For clinicians, pharmacists, and health system leaders, this announcement carries immediate importance. This flexibility means that patients who receive telemedicine visits, whether for chronic pain management, opioid use disorder treatment, ADHD, or other conditions requiring controlled medications, can continue care without interruption. It also means that healthcare teams must remain vigilant about compliance, documentation, and diversion prevention even as the tele-prescribing environment remains in flux. The extension also affords institutions time to plan for the transition to new rulemaking.

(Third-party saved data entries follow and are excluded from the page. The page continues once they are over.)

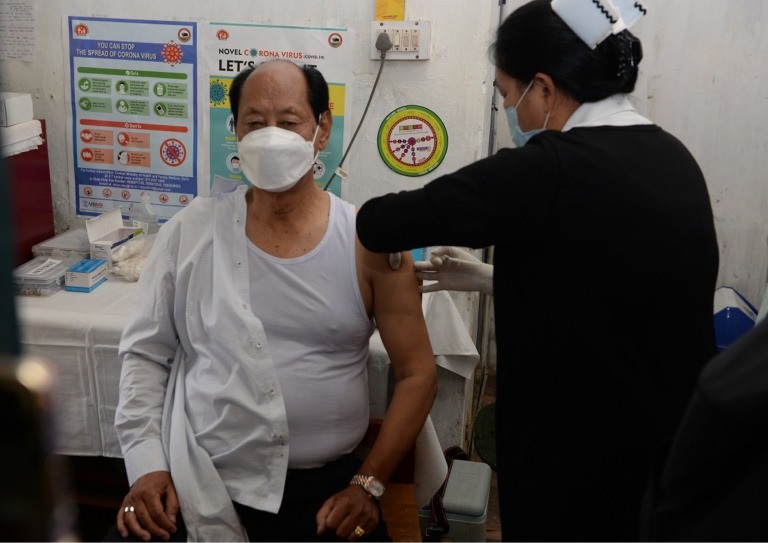 Chief Minister, Neiphiu Rio taking the second dose of the COVID-19 vaccine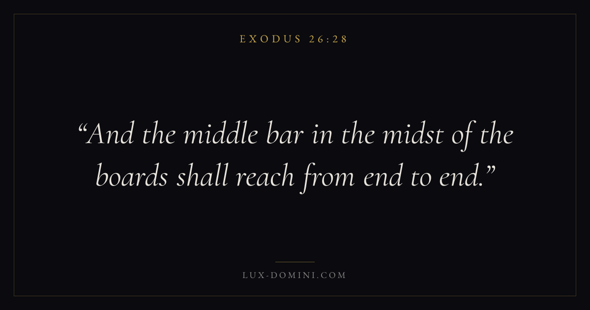 Books / Exodus / Chapter 26 / Verse 28 ← Exodus 26:27 Exodus 26:28 Exodus 26:29 → And the middle bar in the midst of the boards shall reach from end to end. Download verse card Share on Twitter Share on Facebook Pin it ✦ Key themes SalvationRedemptionPassoverCovenant Read with Exodus 26:26Exodus 26:27John 3:16Ephesians 2:8 Related topics Bible verses about salvation ✦ Exodus Chapter 26 verses V. 1 V. 2 V. 3 V. 4 V. 5 V. 6 V. 7 V. 8 V. 9 V. 10 V. 11 V. 12 V. 13 V. 14 V. 15 V. 16 V. 17 V. 18 V. 19 V. 20 V. 21 V. 22 V. 23 V. 24 V. 25 V. 26 V. 27 V. 28 V. 29 V. 30 V. 31 V. 32 V. 33 V. 34 V. 35 V. 36 V. 37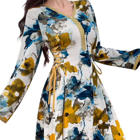 Arabe Moyen-Orient Imprimer Ramadan À Manches Longues Dames Robe Décontractée Vêtements Islamiques Abaya Femmes Musulmanes Robe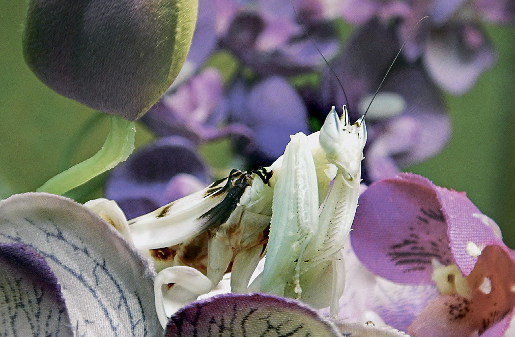 Мастер маскировки — орхидейный богомол, живущий в лесах Индии, Индонезии, Малайзии, Вьетнама и Таиланда, изображает причудливый цветок орхидеи и ловит насекомых, подлетающих полакомиться нектаром. Длина тела самки (на снимке) — 8 см, самцы вдвое мельче.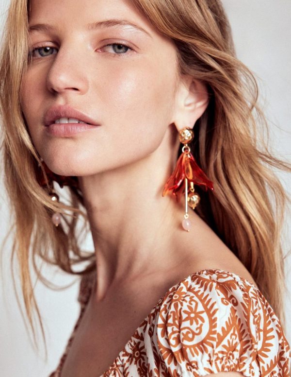 What better way to bloom this season than with our statement drop flower earrings. Crafted from resin and textured vintage gold-toned metal they add serious petal power to your day.– Model is 5’7 wearing a size O/S
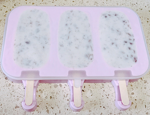 把盛出来的材料放入模具中,轻震几下,固化好后拿出雪糕棍插入(如果是带棍的模具直接放入冰箱冷冻)再冷冻6个小时以上;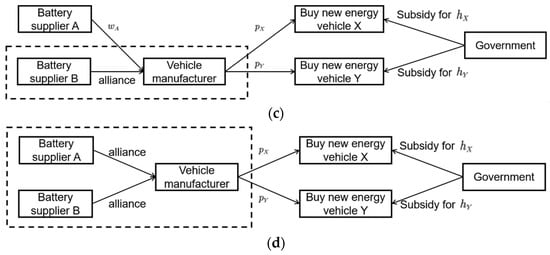Four cooperation models between vehicle manufacturers and battery suppliers. (a) Model N; (b) Model MA; (c) Model MB; (d) Model MAB.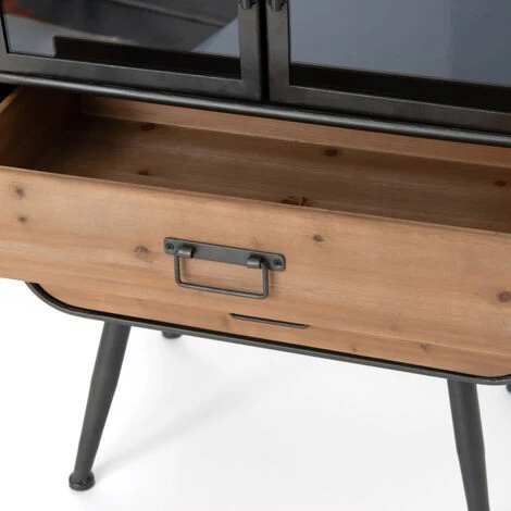 Sublimez votre pièce principale avec le meuble EUGENE en bois et métal de style industriel, il dispose de 2 portes et de 2 tiroirs pour un rangement optimal, vous serez séduit par son élégance et sa touche originale unique. Complétez la collection avec nos autres modèles de meubles de la gamme EUGENE pour harmoniser votre décoration intérieure.
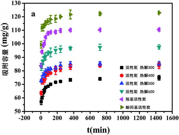 圖2:CBD吸附接觸時(shí)間對活性炭的影響。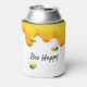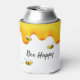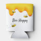 A chic white background. Decorated with cute happy smiling bumble bees and sweet dripping honey. With the text: Bee Happy written with a modern hand lettered style script. Black text. Perfect for summer garden, backyard parties, picnics or warm days on the beach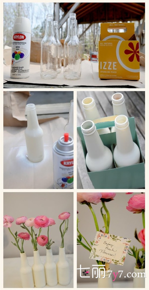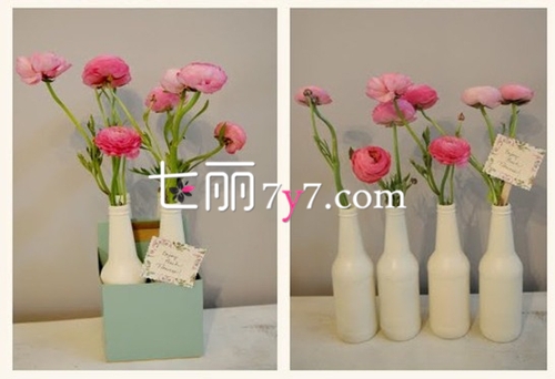 准备材料:纸盒、啤酒瓶4个、喷漆、花朵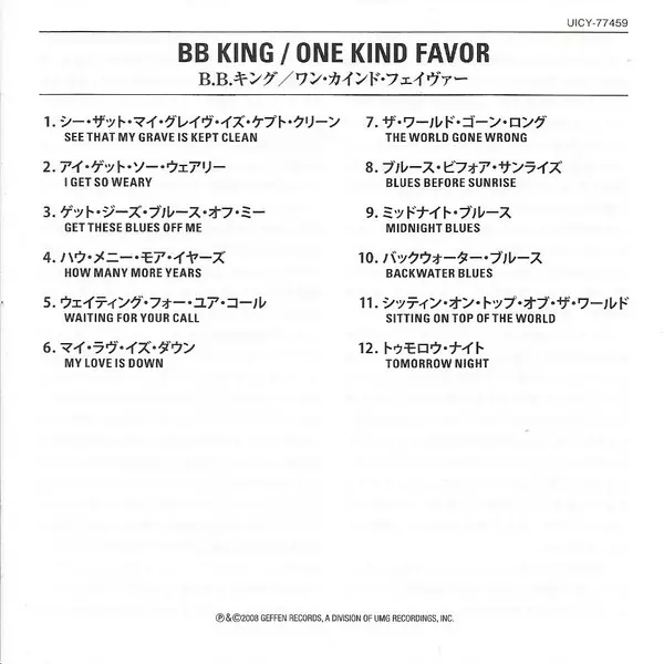 B.B. King: One Kind Favor LTD A lemezen lévő változat CD - korlátozott példányszámban felújított kiadás. Ez a különleges kiadás - Japán a kiadó által Geffen Records év 25. szeptember 2015. Album műfajok között Blues és Electric Blues.
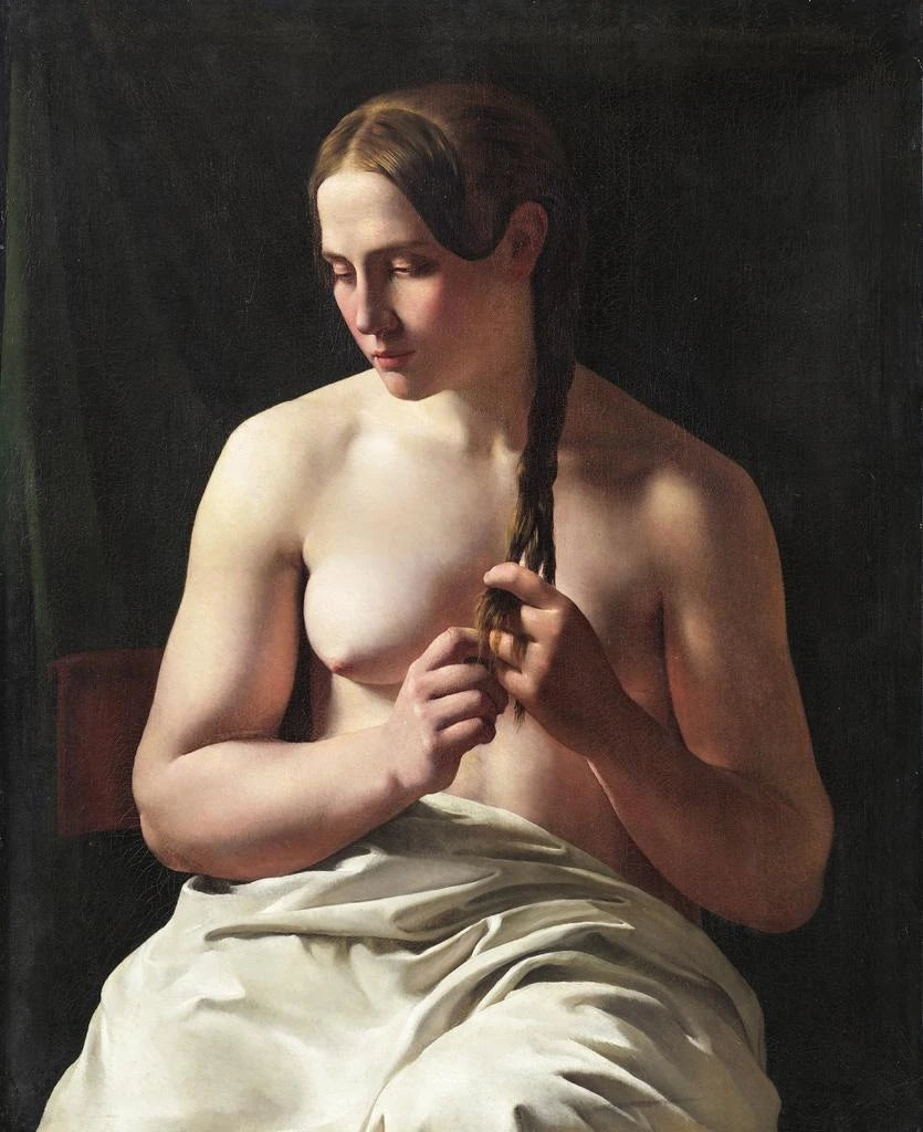 Een vrouw die haar haar opzet - Ludvig August Smith

Currently, the flexibilities are slated to expire on December 31, 2025. The forthcoming rule points toward December 31, 2026.
Background
During the COVID-19 public health emergency, the DEA and the Department of Health and Human Services implemented temporary waivers that allowed practitioners to issue controlled substance prescriptions via telehealth without an in-person consultation. This included initial visits. The immediate goal was to preserve access to care when in-person visits were unsafe or restricted. Over successive extensions, these waivers have kept the tele-prescribing pathway open while the agencies developed proposed rules and engaged stakeholders. The third such extension ran through December 31, 2025.
What’s Next
The DEA’s title for the upcoming rule is “Fourth Temporary Extension of COVID-19 Telemedicine Flexibilities for Prescription of Controlled Medications.” While the full text has yet to be published, provider advocacy groups anticipate the extension will run through December 31, 2026, which gives healthcare providers and organizations roughly another year to prepare for a longer-term regulatory change. At the same time, the DEA is working on its “Special Registration” proposal for telemedicine controlled-substance prescribing, which would create new categories of provider registration, state telemedicine registration requirements, and reporting obligations to guard against diversion.
How it Impacts You
For physicians, pharmacists, nurse practitioners, physician assistants, and other prescribing clinicians, the extension means current workflows for remote controlled substance prescribing remain valid for now, but new regulatory burdens may be on the horizon. Healthcare administrators will want to evaluate telehealth platforms, ensure appropriate electronic prescribing of controlled substances is in place, and review internal policies to support documentation, patient identity verification, state licensure, and prescription drug monitoring program checks. Pharmacists should stay alert to changes in prescribing patterns, be prepared for potential special registration verification, and collaborate with prescribers on safe dispensing practices. Across the continuum, system leaders should view this extension as a transitional zone, maintaining access and compliance now, while tracking the rule-making process and building operational readiness for the next regulatory phase.
The DEA’s signal of an extension into 2026 gives all stakeholders breathing room, but it is not a permanent fix. Health systems, prescribers, pharmacists, and administrators will need to stay ahead of the evolving regulations governing telemedicine-based prescribing of controlled substances, and align policy, workflow, and technology accordingly.